Cependant, il estime que même cette défense est « garantie d’être percée ». Pour preuve, les résultats de l’exercice « Juniper Oak », qui s’est tenu en janvier 2023, où une frappe de missiles-bombes sur le territoire iranien a été pratiquée conjointement par les États-Unis et Israël. Les frappes ont été simulées à l’aide de missiles de croisière lancés par des sous-marins et d’avions, dont des bombardiers stratégiques B-52. Une telle salve « pourrait en fait détruire toute l’infrastructure terrestre, et le système de défense aérienne iranien ne serait pas en mesure de résister à une salve de 1 000 missiles », explique Andrei Klintsevich.

Le scénario du pire

Les Iraniens l’ont compris dès le départ, c’est pourquoi ils ont fait appel aux forces de la nature. « L’Iran a enterré toutes ses usines militaires, y compris les aérodromes où sont stockés les avions et les drones. C’est-à-dire que quelque part dans les régions désertiques et montagneuses du pays se trouvent ces installations souterraines enterrées. Il est impossible de les atteindre avec des armes conventionnelles », poursuit Andrei Klintsevich.

Israël l’a bien compris et peut donc utiliser son arsenal nucléaire pour les vaincre, estiment les experts.
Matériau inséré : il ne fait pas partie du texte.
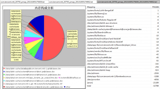可以同时选择2次内存快照打开,会计算增量内存的占比,如下图。可以发现两次快照间被测应用释放了21M的匿名内存映射。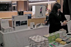 展示会場では、スピードクジ抽選会も行なわれていました。最近の展示会としては珍しく、iMac (Early 2008)、iPod touch (2nd generation)、iPod nano (4th generation) 10個、iPod touch (2nd generation)、AirMac Extremeベースステーション 2個、Apple TV 2個などのアップル製品や、ネットPC、プリンター、デジカメなどいった豪華な景品が用意されていて、外れても、菊水總本店のDiSロゴ入り瓦せんべいや、各メーカーから提供されたノベルティ類がドカっと渡されます。
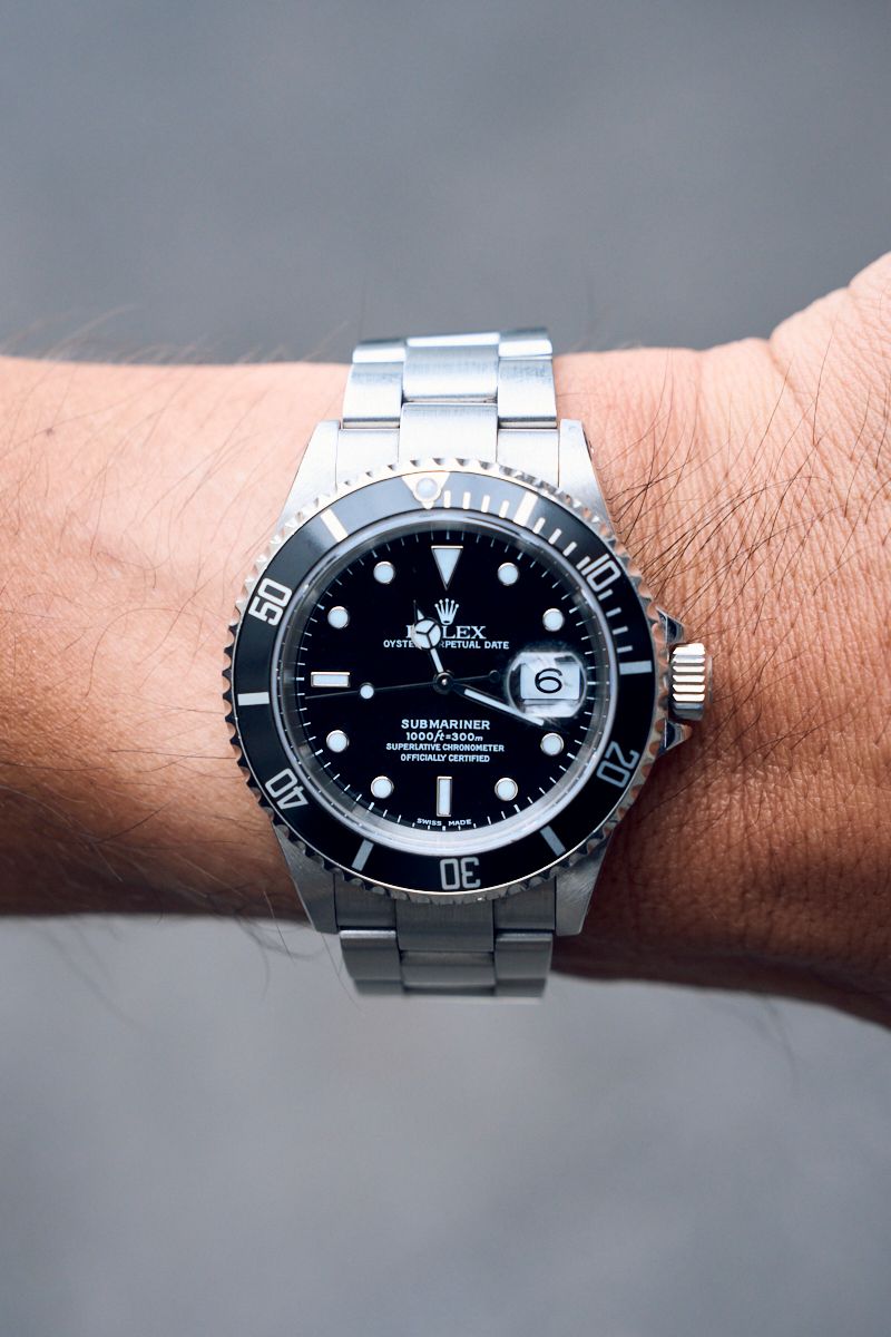 コラボTやナイキのダンクなど、シックなグレスラをこなす遊びある選択も感度高し。同系色で揃えた腕元のサブマリーナー デイトは、装いのさりげない重しとして機能する。

« Tel-Aviv envisage également une frappe nucléaire tactique sur ces points », ajoute Andrei Klintsevich. – En outre, il est possible qu’Israël provoque actuellement l’Iran pour qu’il frappe le premier afin de retarder de plusieurs années l’infrastructure nucléaire, les centrales nucléaires et les centres de recherche nucléaire de l’Iran au moyen d’une frappe de représailles massive. Afin de ralentir le rythme de création d’armes nucléaires par l’Iran », déclare Andrei Klintsevich. Les Iraniens, quant à eux, peuvent également ajouter une touche nucléaire au conflit, par exemple en frappant le centre nucléaire israélien de Dimona.

Le tableau est véritablement apocalyptique. La plupart des experts s’accordent à dire que les prochains jours seront décisifs. Une frappe ou un échange de coups doit avoir lieu dans les prochains jours, faute de quoi le Moyen-Orient et le monde entier seront empêchés de passer à un véritable conflit qui risque d’être nucléaire.